A companion change, RMGRR 139, modifies market processes to align with NPRR 778’s proposed changes.

  • NPRR 779 and PGRR 048: Clarify references to the Texas Reliability Entity and the Independent Market Monitor. Current protocols refer to the Texas RE in both its capacity as the Regional Entity and the Public Utility Commission of Texas Reliability Monitor. The NPRR also removes the 24-hour deadline for ERCOT to notify the Reliability Monitor of a failure to provide ancillary services. The new language clarifies that the IMM is an included party in several provisions related to the ERCOT stakeholder process.
  • NPRR 782: Removes inconsistencies in protocol language by changing the equations governing the settlement of ancillary services. The change affects resources unable to deliver on their ancillary services obligations because of transmission constraints.
  • NPRR 785: Allows ERCOT to automatically prepopulate current operating plans (COPs) for wind and photovoltaic resources with the most recent forecast for the next 168 hours. Qualified scheduling entities representing these resources can either submit the prepopulated forecast as the COP by default or submit a lower number.
  • NPRR 786: Corrects the allocation of transmission losses, distribution losses and unaccounted-for energy (UFE) so that negative loads do not result in loss of UFE allocations.
  • NPRR 787: Removes the requirement that the qualified scheduling entity receiving a verbal dispatch instruction confirmation include the name of the individual that received the confirmation within the electronic acknowledgement.
  • NOGRR 150: Moves voltage-support obligation language to the Operating Guide so that the requirements are recognized as binding. It also allocates voltage-support responsibility to the appropriate entity, and clarifies that the ERCOT transmission operator has the authority to instruct a QSE to modify its resource’s voltage set point.
  • NOGRR 158: Modifies language in the nodal operating guide relating to limits on hydro resources’ responsive reserve to ensure consistency with NPRR 669.

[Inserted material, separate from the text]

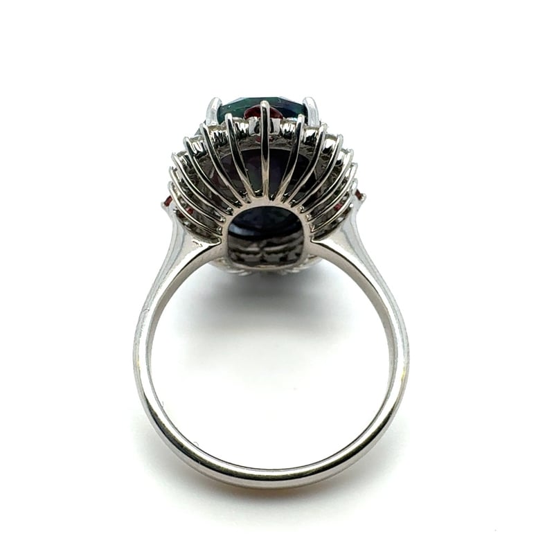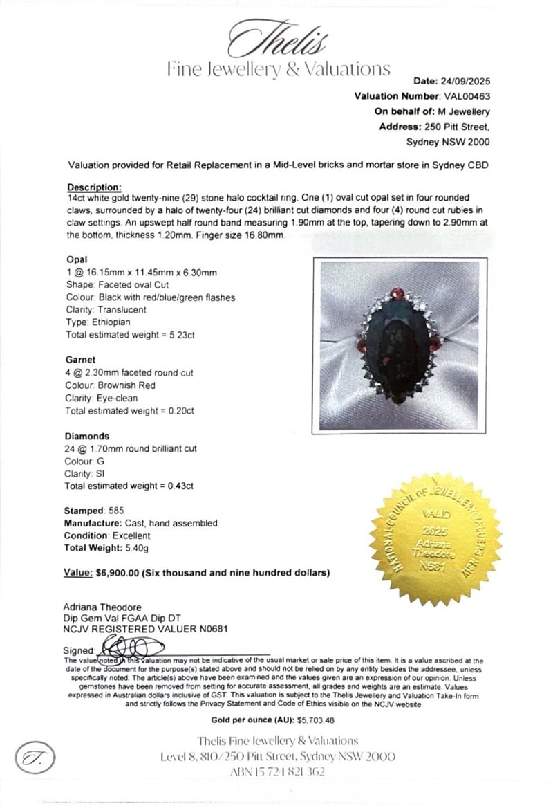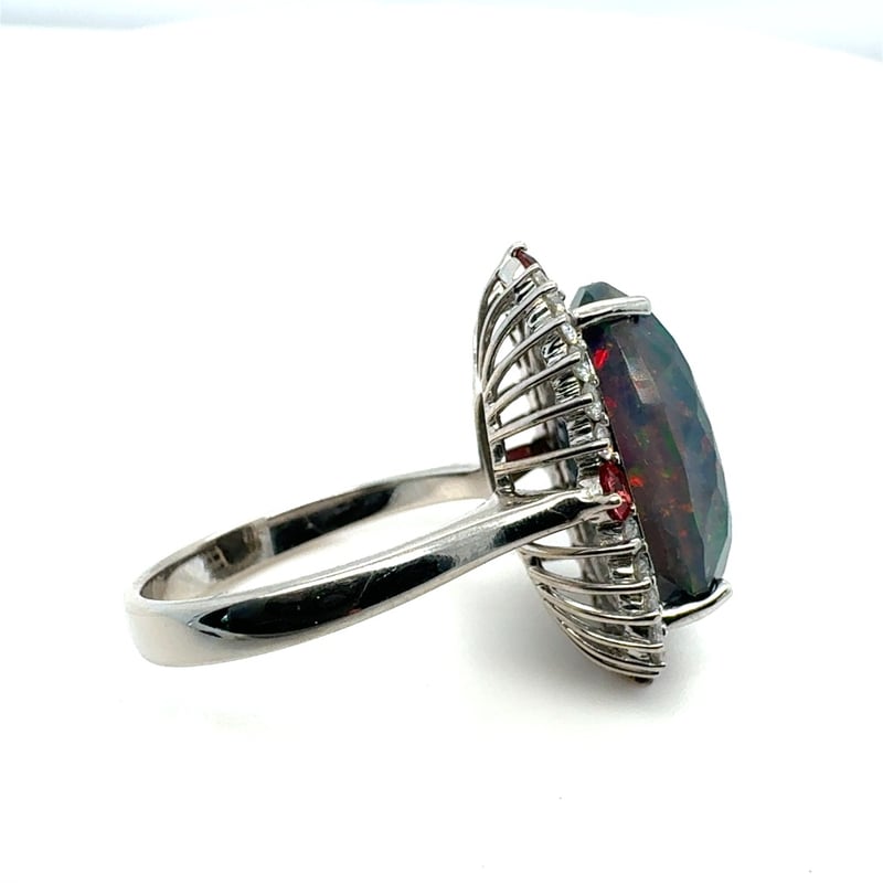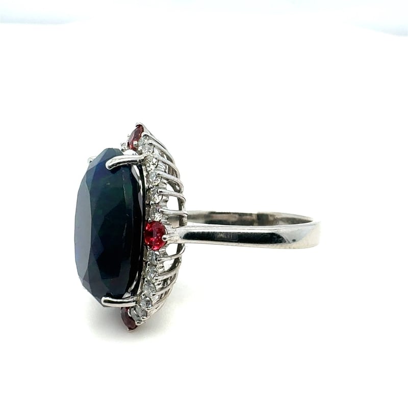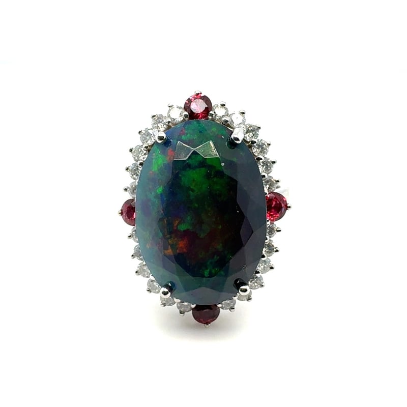 14CT WHITE GOLD OVAL CUT ETHIOPIAN OPAL, GARNET AND DIAMOND RING

  • PGRR 049: Removes the option to submit generation interconnection or change request (GINR) applications through standard mail or fax and updates the mailing address for GINR payments to the ERCOT treasury department.
  • RMGRR 134: Gives non-modeled generators the option to use the advanced metering system data-submittal process and clarifies processes for unregistered distributed generation versus registered non-modeled generators.
  • RMGRR 140: Removes the current date restrictions to give ERCOT increased flexibility when executing a competitive retailer’s acquisition of another retailer’s customers to prevent a “mass transition event.” The change will prevent end-use customers from being transitioned to provider-of-last-resort service and reduces associated uplift to the market.
  • RMGRR 141: Clarifies procedures during an extended unplanned system outage.